As duas experiências sem similaridade com a versão digital, para mim, são assistir a um show ao vivo ou a um jogo de futebol no estádio. Sempre que estou em um deles lembro que não existe sofá confortável, ausência de filas, estacionamento fácil ou bebida gelada à disposição que compensem a catarse. Dá até para esquecer de qualquer perrengue inicial depois de poder compartilhar, com um monte de gente, um sentimento comum, de alegria ou frustração.
Esses acontecimentos acabam virando parte das melhores memórias da vida. Sejam os gols que eu e meu pai não vimos porque ele me levou fazer xixi e, depois, comprar comida —ainda era criança, mas a gente ri disso já faz umas décadas —, meu fascínio pela torcida do Boca Juniors na Bombonera, me fazendo levar uns 20 minutos para prestar atenção no gramado de um jogo da Libertadores ou presenciar Cristiano Ronaldo, quando ainda atuava no Real Madrid, fazendo pose e olhando para o telão a cada cobrança de faltas, em um jogo da Champions League. De sair pela porta lateral do estádio com amigos, com escolta policial, depois de um momento tenso em uma partida aleatória e presenciar a fúria da torcida.

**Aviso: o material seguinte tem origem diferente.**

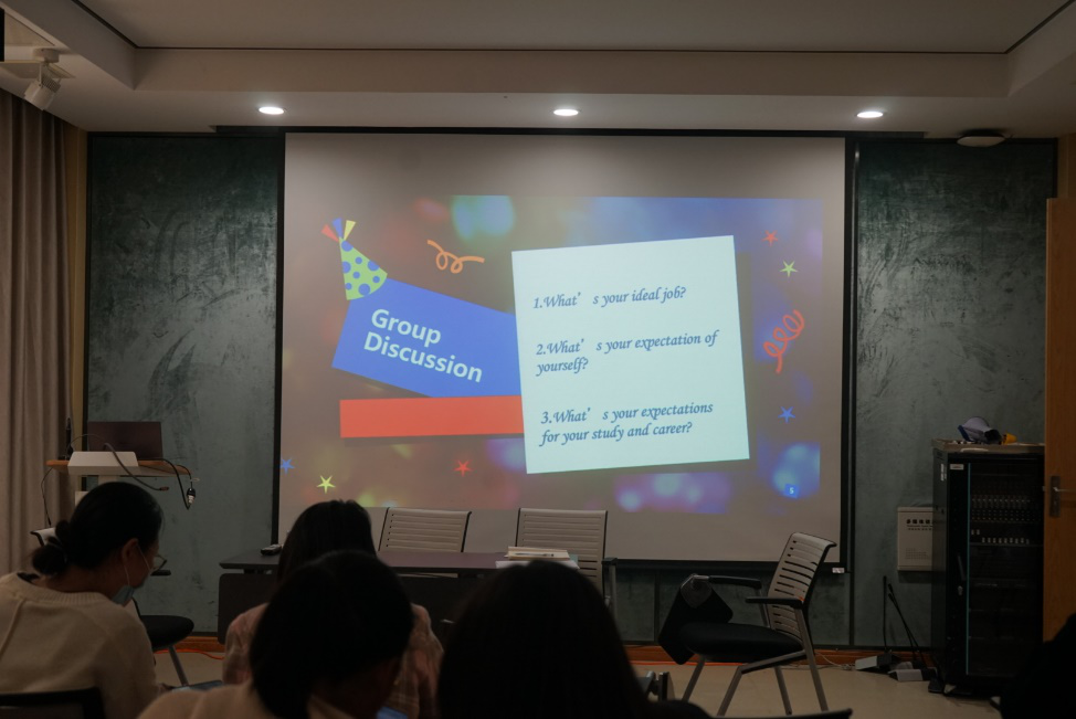 活动开始前大家先进行了简短的英文自我介绍,互相熟悉之后活动正式开始。主持人首先引出主题Expectations,接下来,让大家围绕三个问题进行Free Talk: What do your parents /family /friends /teachers expect from you? Do you feel like you are fulfilling their expectations? What happens if you fail to meet their expectations? 同学们各自找寻找小伙伴进行自由交流,并大方分享自己的观点。然后,主持人组织了Group Discussion环节,随着问题 “What’s your ideal job? What’s your expectation of yourself? What’s your expectations for your study and career?” 被抛出,话题由他人对自己的期许转为对自我的期许,引发了大家对接下来的学习生活的思考。最后,主持人组织了极具挑战性的Video Playing环节。杨镇冰同学将与主题相关的无字幕英语电影片段投放在荧幕中,鼓励大家在听完后用英文进行总结。有些同学听完后凭借出色的理解力猜出了影片大致内容;也有一些同学主动阐述自己听到的内容,表达自己的观点,大家都十分投入。
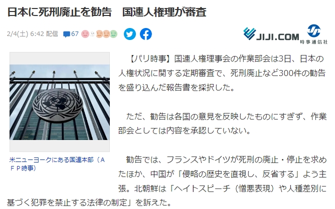 勧告では、フランスやドイツが○刑の廃止・停止を求めたほか、中国が「侵略の歴史を直視し、反省する」よう主張。北朝鮮は「ヘイトスピーチ(憎悪表現)や人種差別に基づく犯罪を禁止する法律の制定」を訴えた。

Uma das minhas percepções favoritas em um estádio é prestar atenção aos sotaques e aos palavrões. Afinal, os xingamentos dizem tanto sobre a cultura, né? Tempos atrás, conheci um pesquisador italiano que se ocupava dos parolacce (os palavrões) e ao questionar os porquês da escolha dele pelo assunto, respondeu: “eles têm uma força inigualável para exprimir a emoção rompendo um tabu (aquilo que é proibido de dizer), é liberada uma energia reprimida, que serve a abafar momentos de raiva, medo, surpresa...”. Sim, palavrões são polissêmicos. Os proferidos durante uma partida de futebol expressam emoções diferentes das de um concerto.

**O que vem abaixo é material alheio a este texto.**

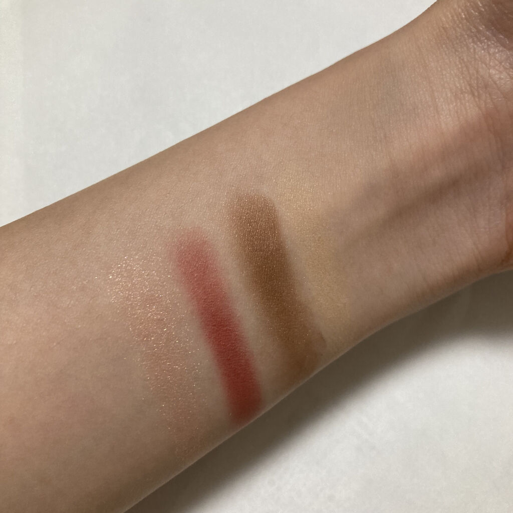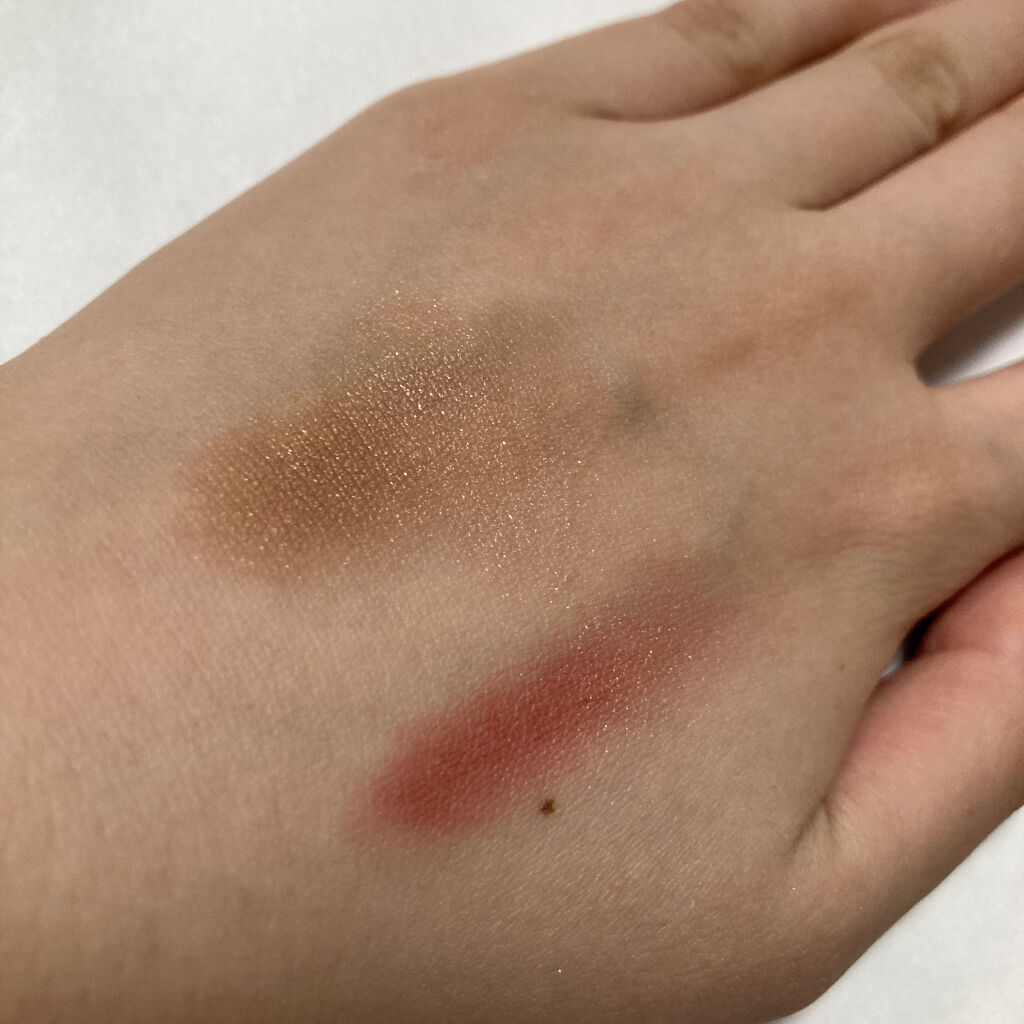 粉質はサラサラで指でもブラシでも塗りやすい ラメ飛びは少ないが全く無いわけではない ベージュをブラシにとってアイホール全体と下瞼に広げる レッドを小さいブラシに取って手の甲で薄めてから二重幅少しはみ出すぐらいまで塗る(薄めがいい時) コーラルを大きめのブラシに取ってレッドを広げた境目からフワッとつけるor黒目の上にちょんちょん ブラウンはお好みで締め色として入れたり入れなかったり
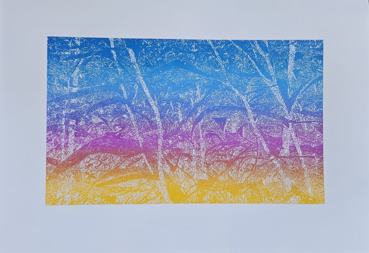 linoryt, papier, 70 x 100 cm (arkusz), kompozycja: 45 x 75 cm, 1/6, sygn. p.d.: Kamila Kościańska 2024
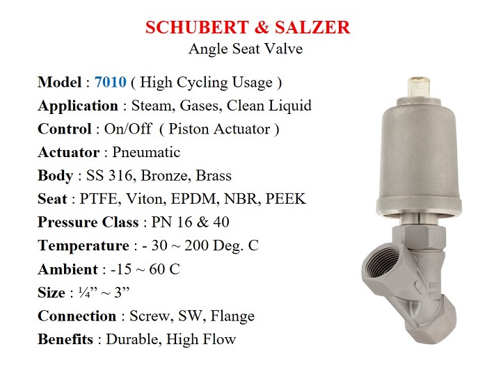 Jual Angle Seat High Cycle On/Off Valves - Schubert & Salzer series 7010 / PN 16 ~ 40, Screw & Flange, Size 1/4" ~ 3", Temp. -30 ~ 220 C, Pneumatic Piston Actuator ( Single or Double Acting ). Ideal for Batching & Filling application. Used widely as On/Off Steam, Air, Gas, Liquids application.

Não esqueço o primeiro show do Luiz Marenco que vi, a trabalho, sem conhecer nenhuma música dele. A vibração do público quando ele entrou no palco, mostrou que eu estava diante de uma espécie de Bono dos pampas – e acabei virando fã. Chorei durante 15 minutos no show do Chico Buarque, o favorito da minha avó materna, por conta de toda carga familiar contida naquele palco. Vi Zeca Baleiro cantar com Gal Costa, Zeca Pagodinho com Maria Bethânia, Roberta Sá com Alcione, Teresa Cristina com Caetano e Maria Rita com Bocelli. Vi o vocalista da Cachorro Grande na fila gigantesca para ver Rolling Stones no Monumental de Nuñes, vi um monte de gente comovida no show do Paul McCartney. E no de Oswaldo Montenegro, talentoso e muito falante. Fiquei superfrustrada porque João Bosco deixou a plateia cantar Papel Machê e não ouvi a canção na voz dele. Ao vivo, descobri porque Roberto Carlos é rei e faz senhoras se tapearem pelas rosas que distribui. Assisti ao show de Milionário & José Rico do palco, antes de falar separadamente com cada um deles, que não compartilhavam o camarim. Fiz um dueto muito aleatório com Toni Garrido na canção Coleção — e eu nem sei cantar! Dancei com Omara Portuondo e não fiz feio! Queria morar no último show do Thiaguinho a que assisti e fiquei impressionada com a versatilidade musical do Emicida. Experimentei uma espécie de viagem no tempo nas duas vezes que ouvi Bon Jovi, meu favorito na adolescência.
E, ao lembrar desses acontecimentos, percebo que escrevi esse texto sorrindo, revivendo um monte de momentos felizes em poucos segundos. Reafirmo minha convicção de não trocar conforto por esse tipo de perrengue que, ressignificados, viram instantes de plenitude: futebol no estádio e show ao vivo são espaços onde a vida se eterniza.